The last BCBC meeting was held in early 1978 at Fort Myers, Florida after it was made known that Kassoy was terminally ill. Club members attended from Florida, New York, Wisconsin, and Antarctica. The meeting lasted three days, and included a field trip to the Darling National Wildlife Refuge. Roger Tory Peterson was elected permanent president and Joseph Hickey permanent secretary.

== Christmas census ==
In 1922, the club participated for the first time in the annual Christmas census run by the Audubon Society, recording 35 species in Pelham Bay, Van Cortlandt, and Bronx parks that year. The BCBC recorded more species each subsequent census; 26 species in 1923, 67 in 1925, 83 in 1926, 87 in 1927 and 93 in 1929. In 1934, the club spotted 97 species, reported to be one more than they had the previous year. By the group's twelfth census in 1935, 107 species were seen. In later years, the Queens County Bird Club were rivals in the competition.

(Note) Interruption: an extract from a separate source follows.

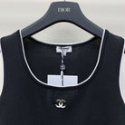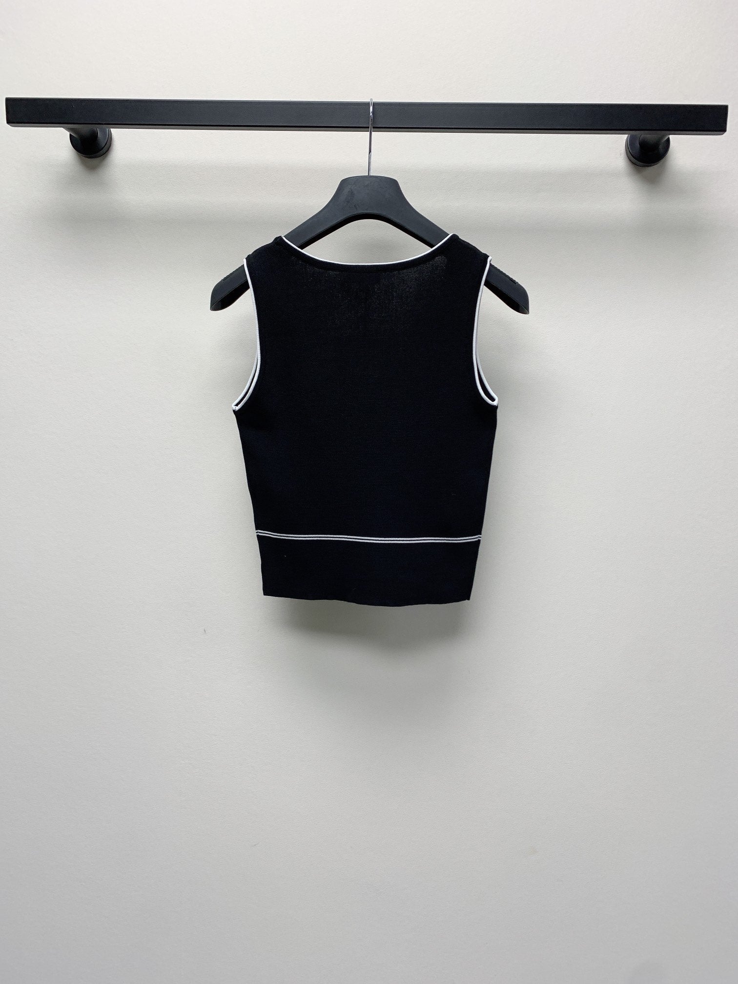 CC 25 Round Neck Knitted Embroidered Logo Vest in Black 277577

The club introduced a new technique, with teams of two or three assigned to survey specific areas. This proved to be a successful strategy, with the BCBC observing more species in the eastern US than any other team for three consecutive years. The 1935 total of 107 species was the first time any census participant had ever found more than 100. Initially called the Bronx County Christmas Bird Count, the boundary lines were redrawn in 1940 to include lower Westchester County and renamed the Bronx-Westchester Christmas Bird Count. The last BCBC member to participate in a Christmas count was Richard Herbert in 1956.

== Additional reading ==

- Greenfield, George (1935). "Wood, Field and Stream"
- Kastner, Joseph (1979). "Battle of the Bird Books"
- Cruickshank, Allan D. (1942). "Birds Around New York City: Where and When to Find Them"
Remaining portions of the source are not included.